* **MATERIAL FOR THE TASK**
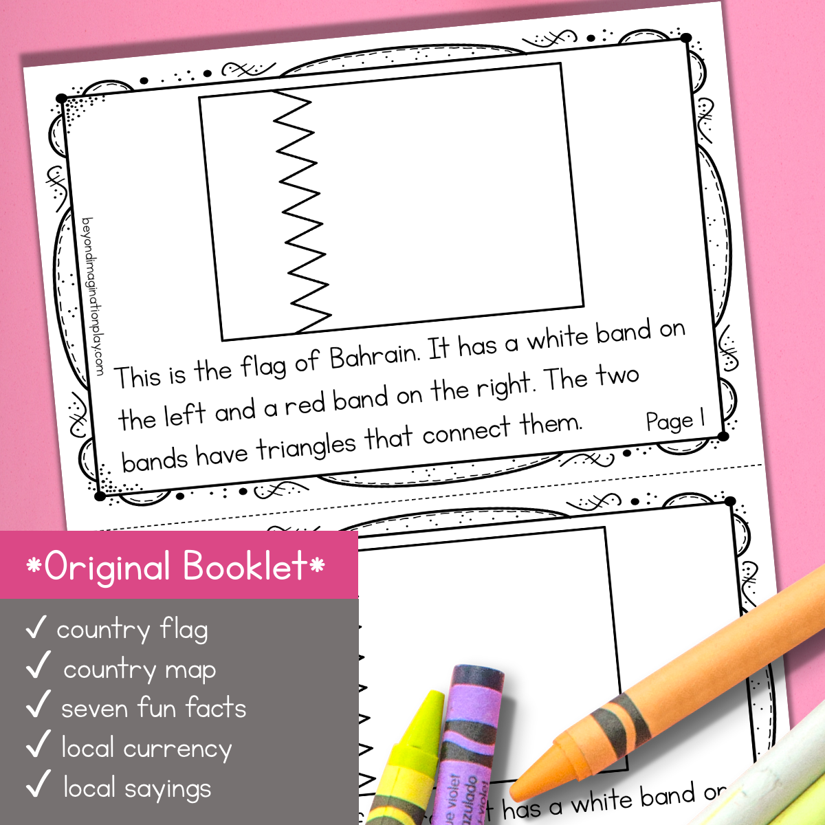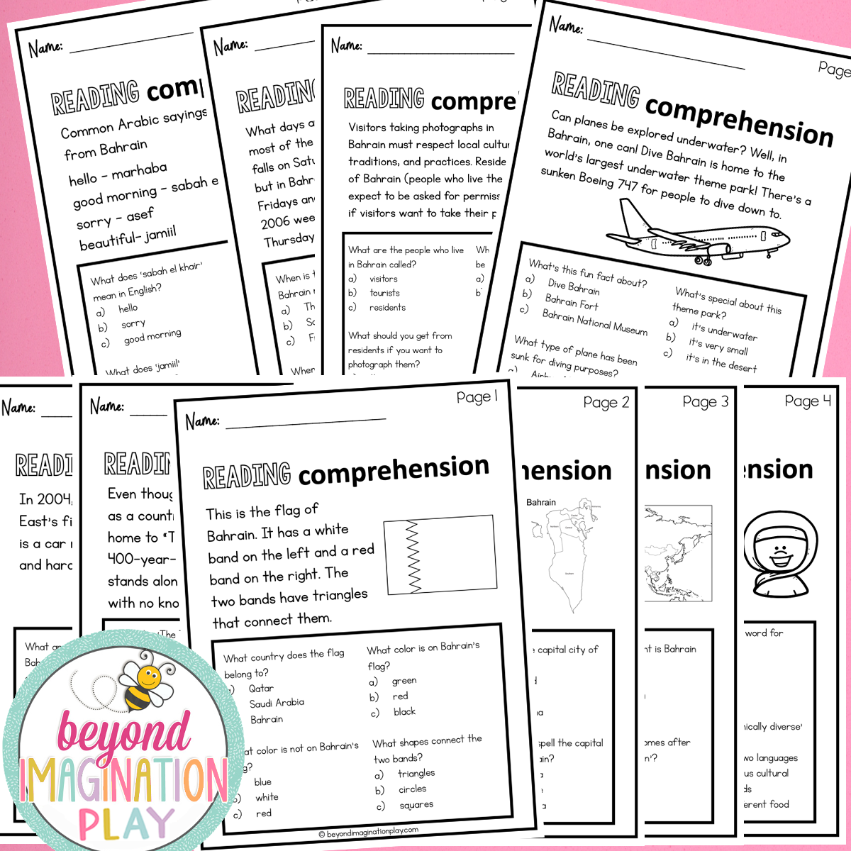 Let's explore the country of Bahrain! Your little one(s) will love this fun-fact-filled country study project, reading comprehension passages (same passages as the fun facts) with multi-choice questions, differentiated booklet options, boarding passes, postcards, and country-themed fun worksheet activities!
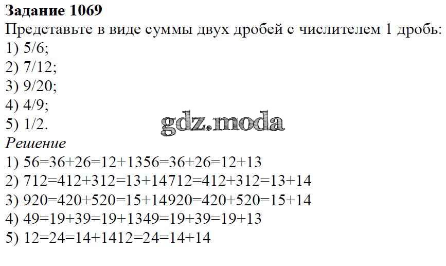 ОТВЕТ на задание № 1069 Учебник по Математике 6 класс Мерзляк Алгоритм успеха
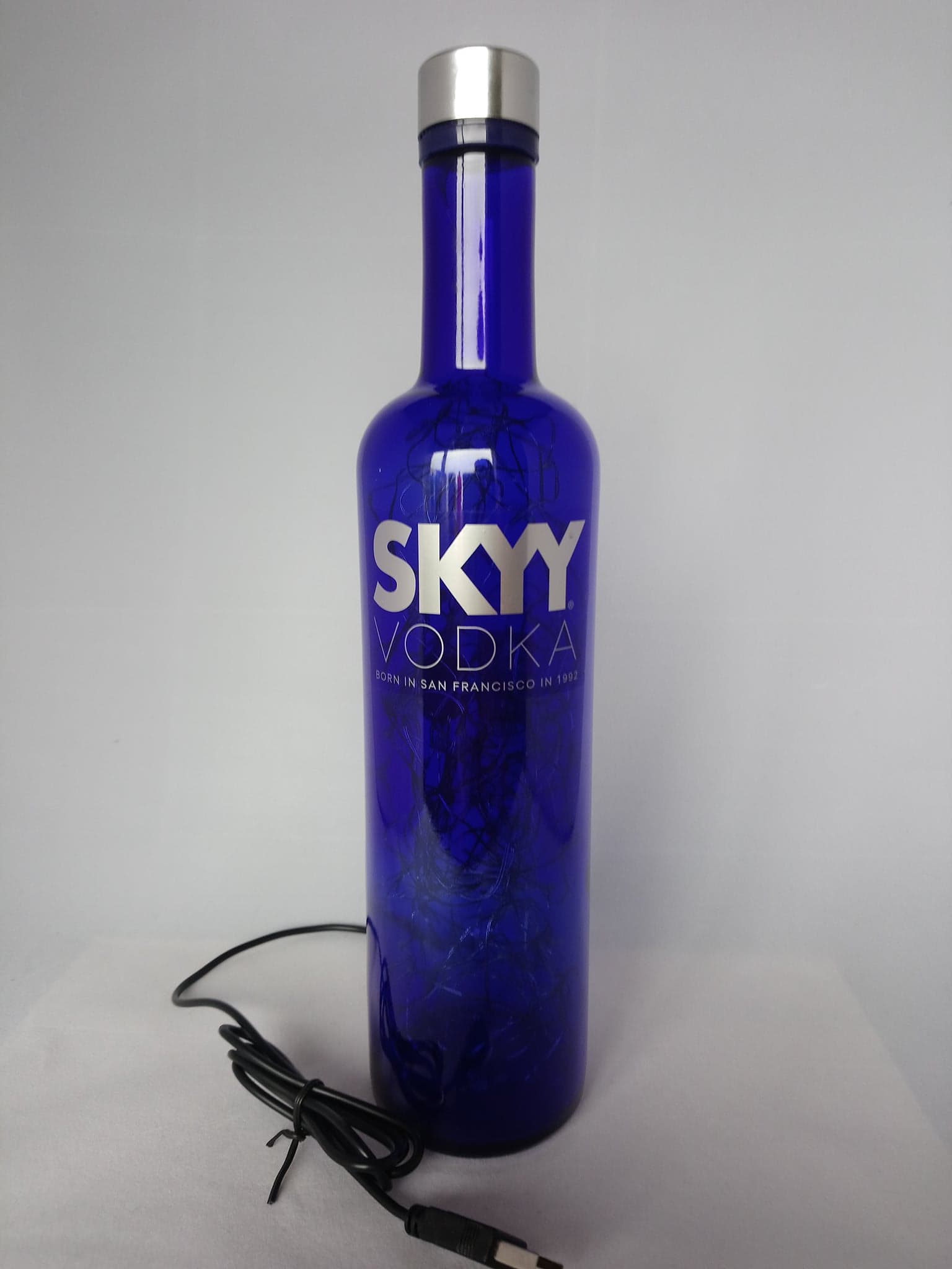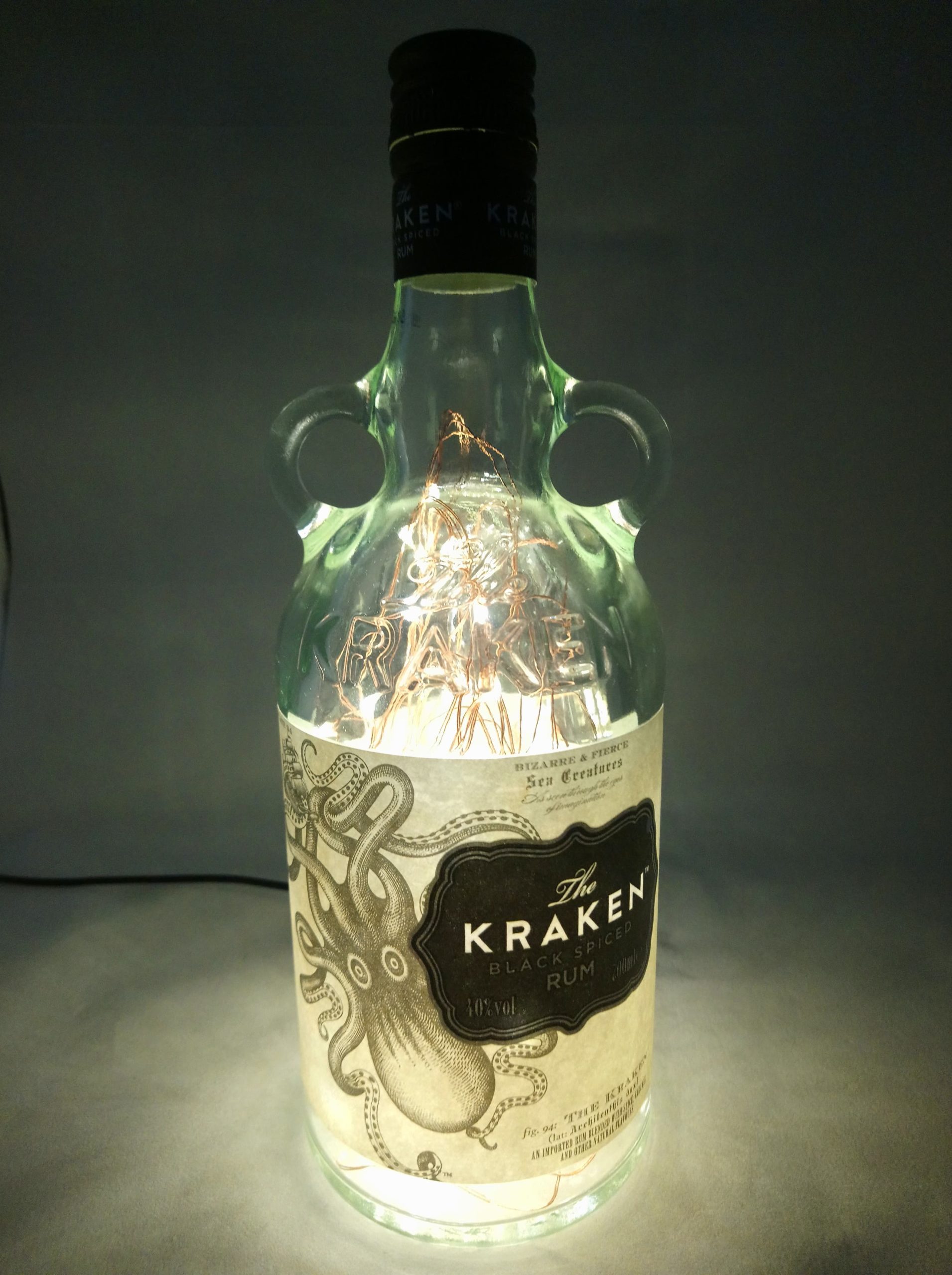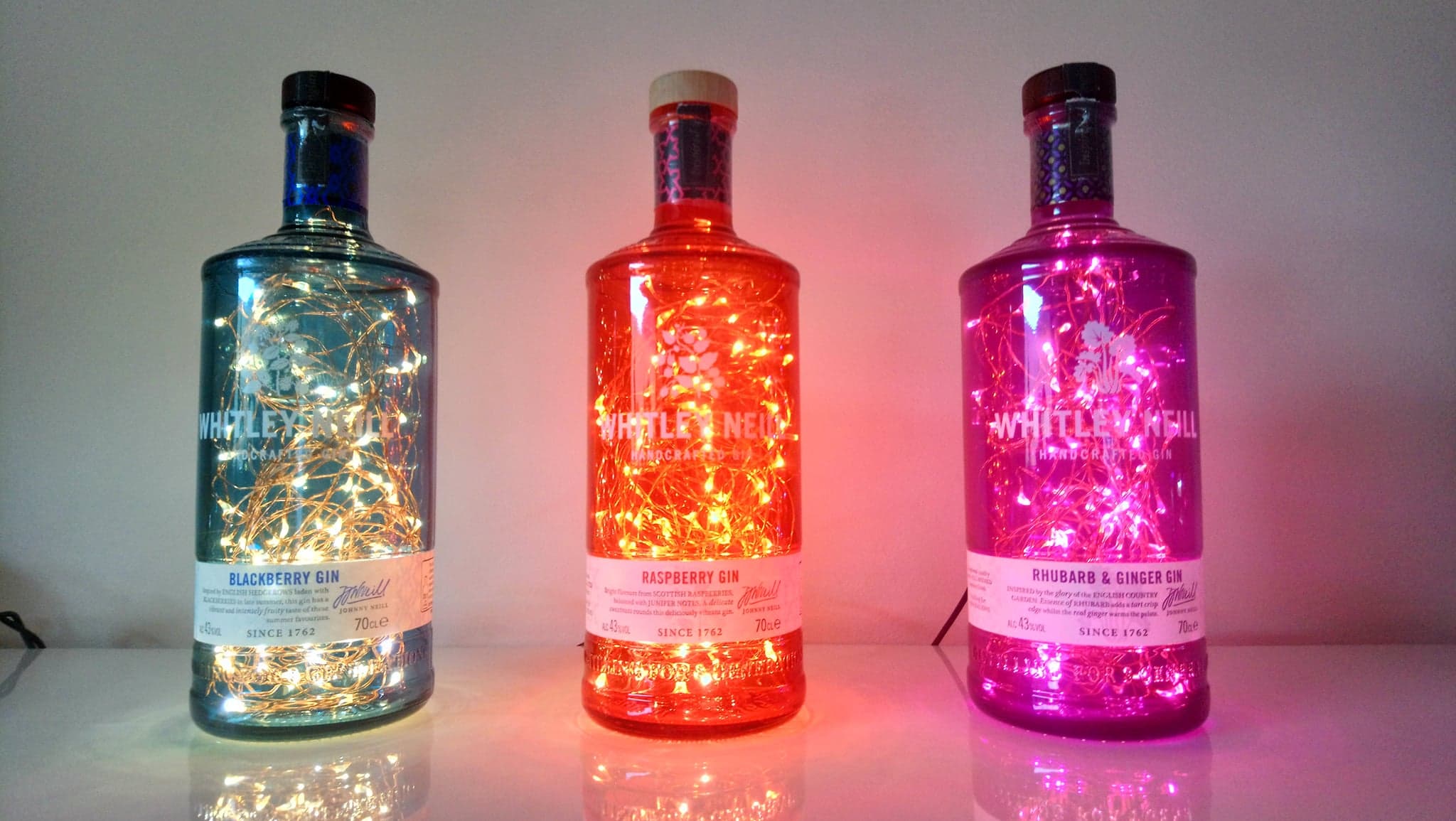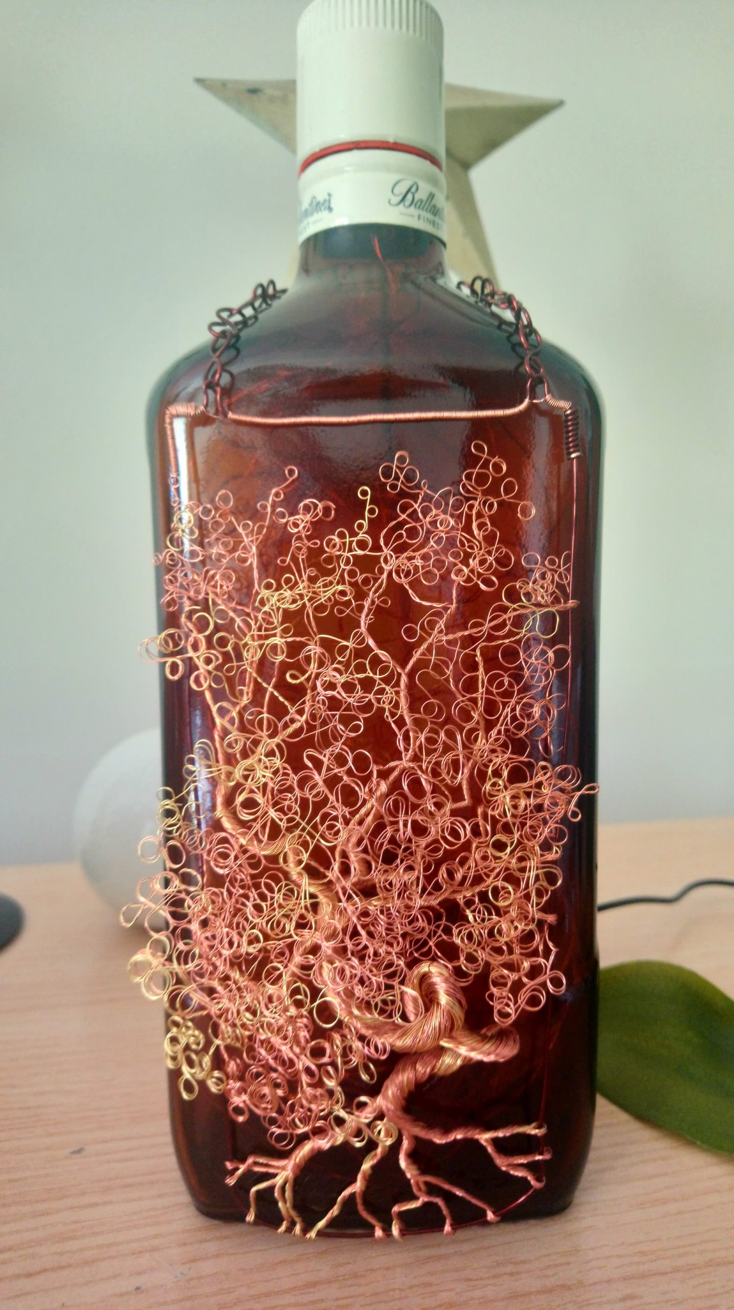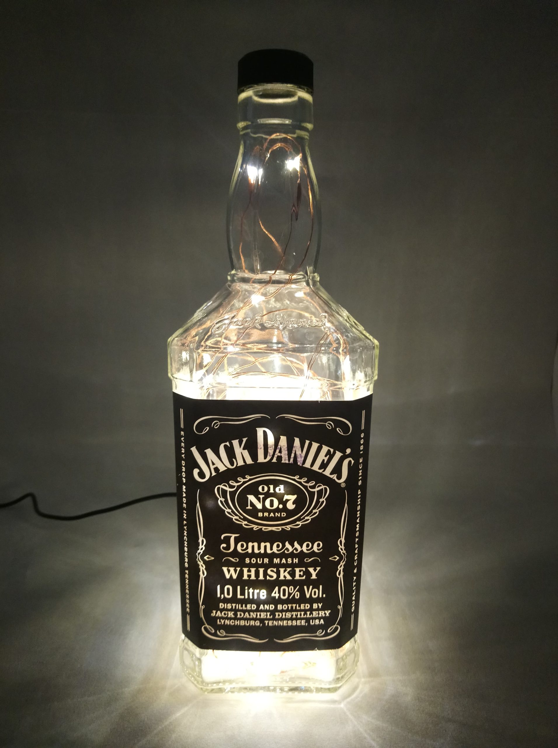 So, here’s the deal: the bottles are thoroughly cleaned, drilled and filled with mains powered bright LED string lights on a fine copper wire with a USB cable that has to be connected to a mains plug. (This isn’t included; I’m sure you’ll have one at home somewhere already.)
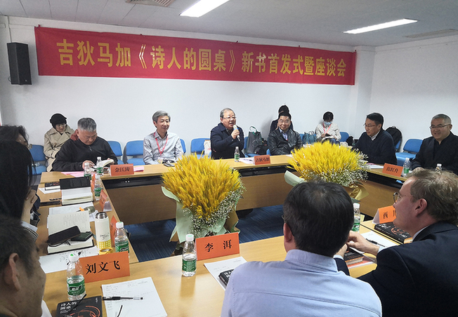 新華網(wǎng)北京4月1日電 由江蘇鳳凰文藝出版社主辦的吉狄馬加《詩人的圓桌》新書首發(fā)式暨座談會(huì)于3月31日下午在北京舉行。中國作協(xié)副主席、書記處書記,著名詩人吉狄馬加與著名作家李洱,著名詩人、翻譯家高興、西川、樹才、劉文飛,以及法國駐華使館公使銜文化參贊高明、鳳凰出版?zhèn)髅郊瘓F(tuán)總經(jīng)理孫真福、鳳凰出版?zhèn)髅焦煞萦邢薰究偨?jīng)理佘江濤等嘉賓出席此次活動(dòng),就新書內(nèi)容、詩歌寫作與翻譯及中外詩歌交流等話題展開對(duì)話。
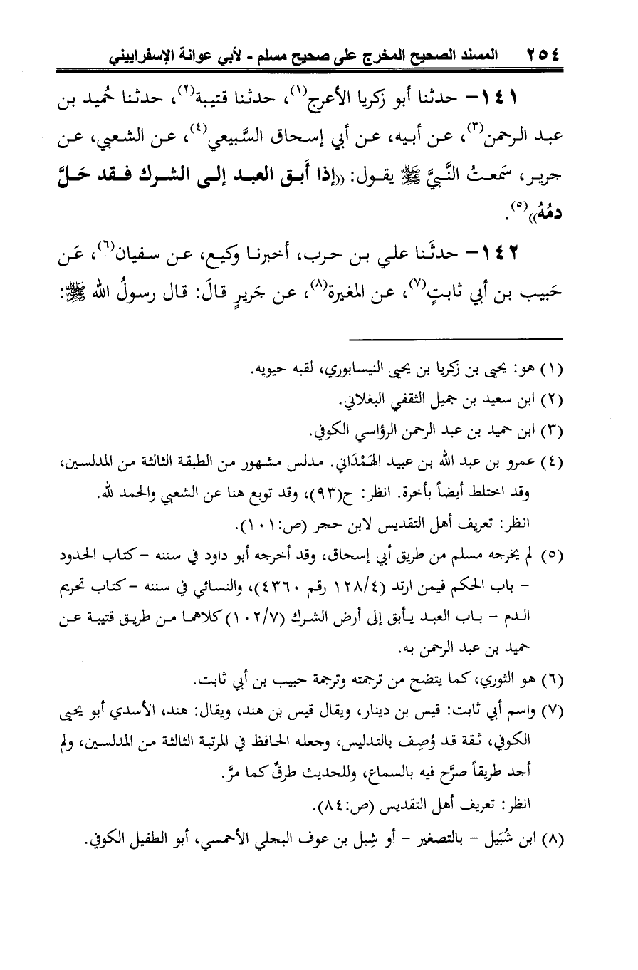 141 - حدثنا أبو زكريا الأعرج (¬1)، حدثنا قتيبة (¬2)، حدثنا حُميد بن عبد الرحمن (¬3)، عن أبيه، عن أبي إسحاق السَّبيعي (¬4)، عن الشعبي، عن جرير، سَمعتُ النَّبيَّ -صلى الله عليه وسلم- يقول: "إذا أَبق العبد إلى الشرك فقد حَلَّ دمُهُ" (¬5).

* **WHAT YOU ARE ASKED TO DO**
Copy exactly the lines from the one containing "So, here’s the" through the final line of the records above, both included, and leave out any pictures.

* **EXERCISE RESPONSE**
 So, here’s the deal: the bottles are thoroughly cleaned, drilled and filled with mains powered bright LED string lights on a fine copper wire with a USB cable that has to be connected to a mains plug. (This isn’t included; I’m sure you’ll have one at home somewhere already.)
 新華網(wǎng)北京4月1日電 由江蘇鳳凰文藝出版社主辦的吉狄馬加《詩人的圓桌》新書首發(fā)式暨座談會(huì)于3月31日下午在北京舉行。中國作協(xié)副主席、書記處書記,著名詩人吉狄馬加與著名作家李洱,著名詩人、翻譯家高興、西川、樹才、劉文飛,以及法國駐華使館公使銜文化參贊高明、鳳凰出版?zhèn)髅郊瘓F(tuán)總經(jīng)理孫真福、鳳凰出版?zhèn)髅焦煞萦邢薰究偨?jīng)理佘江濤等嘉賓出席此次活動(dòng),就新書內(nèi)容、詩歌寫作與翻譯及中外詩歌交流等話題展開對(duì)話。
 141 - حدثنا أبو زكريا الأعرج (¬1)، حدثنا قتيبة (¬2)، حدثنا حُميد بن عبد الرحمن (¬3)، عن أبيه، عن أبي إسحاق السَّبيعي (¬4)، عن الشعبي، عن جرير، سَمعتُ النَّبيَّ -صلى الله عليه وسلم- يقول: "إذا أَبق العبد إلى الشرك فقد حَلَّ دمُهُ" (¬5).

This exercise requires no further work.